Charlie Kaufman (Nicholas Cage) is in a rut. He’s just written a hit screenplay, praised by many as the comedy of the year (“Being John Malkovich,” 1999). But what next?
His new project is giving him severe writer’s block. He’s set to write the screen adaptation of a best-selling novel by Susan Orlean (Meryl Streep), about a peculiar Florida orchid grower and his rather unsavory cultivation habits ― “The Orchid Thief,” an actual novel.
This uneasy blend of fact and fiction is part of the film’s ingenuity ― screenwriter Charlie Kaufman did actually write the “Malkovich” screenplay, and was then assigned to the Orlean adaptation. But as the film goes on, fact increasingly gives way to fiction, as Charlie’s delusions takes over.
The film could have been a pretentious exercise in self-indulgence ― which, in part, the film almost wants to be. After all, “Malkovich” wasn’t exactly the most accessible comedy, either. But “Adaptation” instead renders itself an amusing meditation on the creative process gone terribly awry.
The movie takes us back to the creation of the “The Orchid Thief,” with Orlean trudging into the swampy Everglades to seek out a toothless, philosophizing orchid thief, John Laroche (an amazing performance by veteran character actor Chris Cooper), whose strange world opens up new possibilities within her own. And when her reality melds with Charlie’s fevered imagination, and the orchid guru starts teaching her lessons about swamp lovin’, watch out!

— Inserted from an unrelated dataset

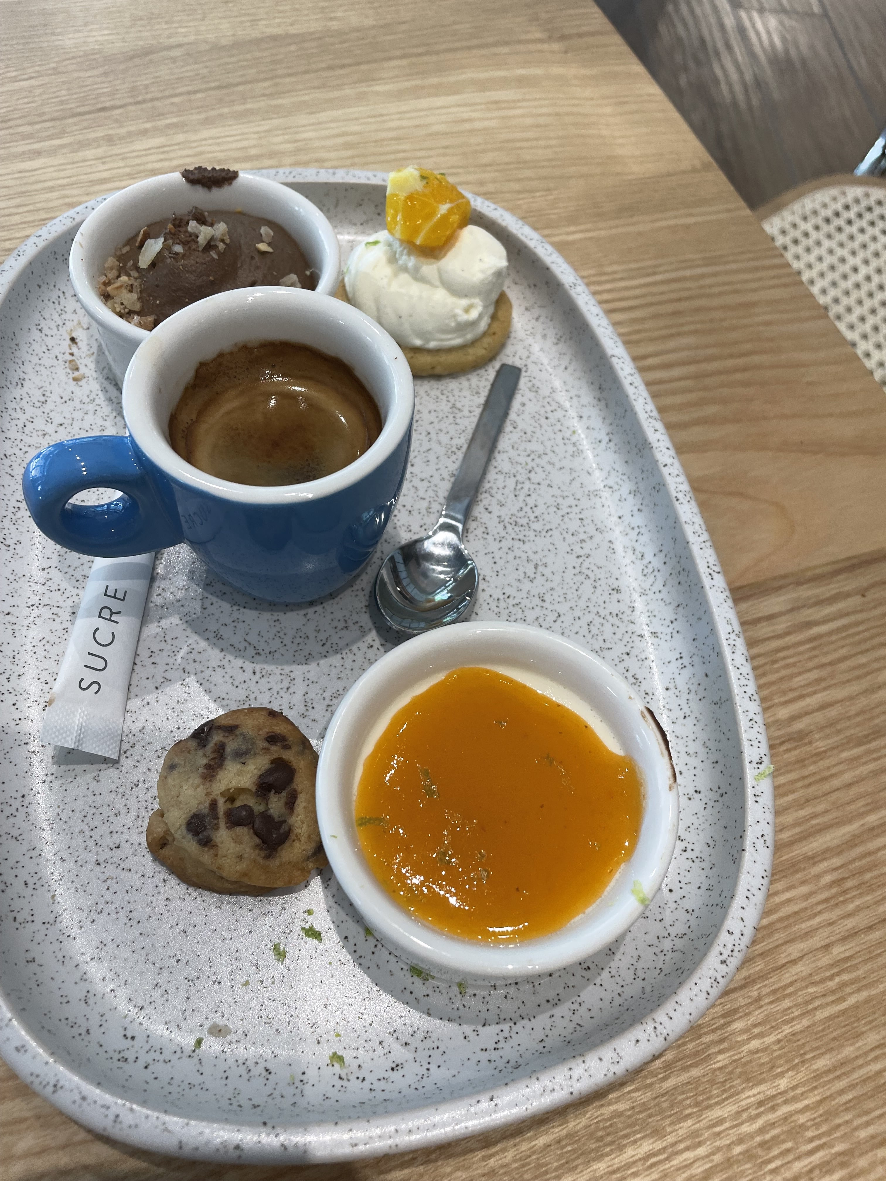 Nous avons trouvé le repas de bonne qualité. Mais nous n’avons jamais eu les frites supplémentaires demandées avec nos plats et pas de cookies avec les cafés seulement des miettes dans une des sous coupe !! ( la raison rupture de stock !) Nous avons trouvé le restaurant bruyant Tout cela gâche le ressenti de ce déjeuné.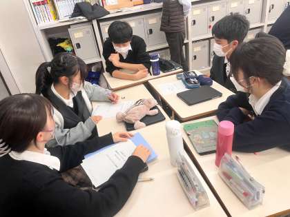 今回は各班でリサーチクエスチョンを設定し、アンケート内容を考えました。ある班では、先日の学校説明会を経て、西京生だけが知っている学校の魅力を伝えたいという目的をもってリサーチクエスチョンを設定していました。テーマが広すぎるとデータの分析が複雑になってしまったり、調査があやふやになってしまったりと苦戦していましたが、各班で協力して調査可能となるリサーチクエスチョンを設定していました。また、アンケート項目は本当に必要なデータを回収するためにはどうしたらいいかを考えることが大変だったようです。

Back in the present, Charlie is still stuck, and the advice offered by his idiot twin brother Donald (also Nicholas Cage), who’s having great luck with his seemingly witless screenplays, isn’t helping matters. But idiot starts to look more like idiot savant when Charlie, desperate, finally succumbs to his brother’s dumbed-down version of writing a film script.
One of the film’s greatest moments comes when Orlean imbibes a narcotic made from the “special” orchid, given to her by Laroche. Her giddy, drug-induced ramblings, as she lies in bed and contemplates her toes, are priceless.
But the film works best when it quietly delivers pithy observations about life, in the guise of simple talk about things such as which way the orchids are growing.
I won’t spoil the ending, but will tell you that the ending spoils the movie. Which isn’t actually a bad thing if you can accept the film’s particular terms (if that makes sense). It’s exactly how the film wants to end, viewer be damned.
All in all, Mr. Cage wallows well, as he has done in previous roles, but this time plays it for laughs. Ms. Streep chills out, toning down her electric intensity for one of her most natural performances. And everyone has a good time.